Steady-state, ex vivo etc. - (Aug/10/2015 )
Hi,
I am looking for the proper term that would describe condition when I measure situation (expression of mRNA, production of proteins, etc.) e.g. in peripheral blood specimen or other tissue biopted (gained from biopsy). I think it is not "in vivo", but it is believed to mirror the real in vivo situation in the body. I used to use the therm "ex vivo" but I was told this is not correct, and another colleague adviced me to use the term "steady-state" which is hard to even translate and understand for me. Would anyone help me please?
Thanks,
Paja
Ex-vivo isn't the proper term as this is usually considered to be where you take a sample from an individual and then grow it (e.g. growing biopsy samples to create a cell line). Steady-state wouldn't apply either, as this would mean an unchanging condition. The term you are looking for isn't covered by the commonly used terms, so there might not be a short way of covering it without explanation.

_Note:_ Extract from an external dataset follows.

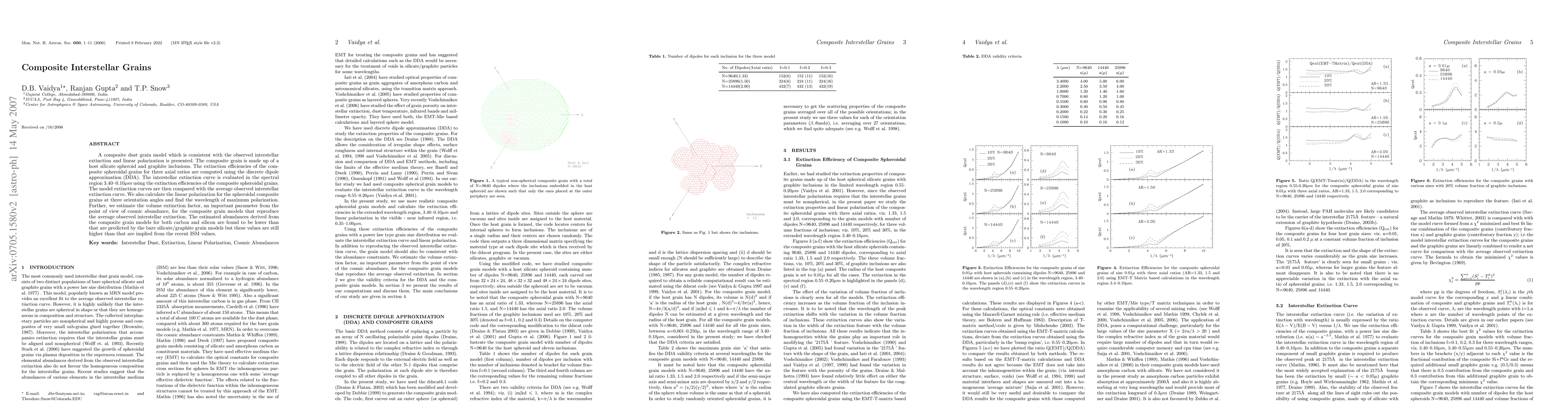 This paper investigates composite interstellar grains composed of silicate spheroids with graphite inclusions, computing their extinction efficiencies and comparing them to observed interstellar extinction curves. The study also evaluates linear polarization and volume extinction factors, revealing lower abundances for carbon and silicon compared to bare silicate/graphite models, though still higher than recent interstellar medium values.

However, the experiments you are performing on the samples are in-vitro experiments, which you could use if you said something like this: "In-vitro experiments were performed on samples taken from patient biopsies."
bob1 on Mon Aug 10 20:52:44 2015 said:
Ex-vivo isn't the proper term as this is usually considered to be where you take a sample from an individual and then grow it (e.g. growing biopsy samples to create a cell line). Steady-state wouldn't apply either, as this would mean an unchanging condition. The term you are looking for isn't covered by the commonly used terms, so there might not be a short way of covering it without explanation.
However, the experiments you are performing on the samples are in-vitro experiments, which you could use if you said something like this: "In-vitro experiments were performed on samples taken from patient biopsies."
Hi Bob,
Thank you very much for your reply. Nevertheless, I do not think the term in vitro suits my needs, because I do quantification of mRNA from blood cells directly gained from blood specimen, and simultaneously, part of the blood cell I do culture first and study effect of various stimulating factors - this one is in vitro for sure. I need to distinguish the measuring mRNA in blood cells immediately after blood collection/RNA isolation, from the RNA quantification after several days cultivation of those cells in Petri dish under some experimental condition...
In that case you could use "In vitro experiments were performed on samples taken from patient biopsies and on samples cultivated ex-vivo from the same biopsies."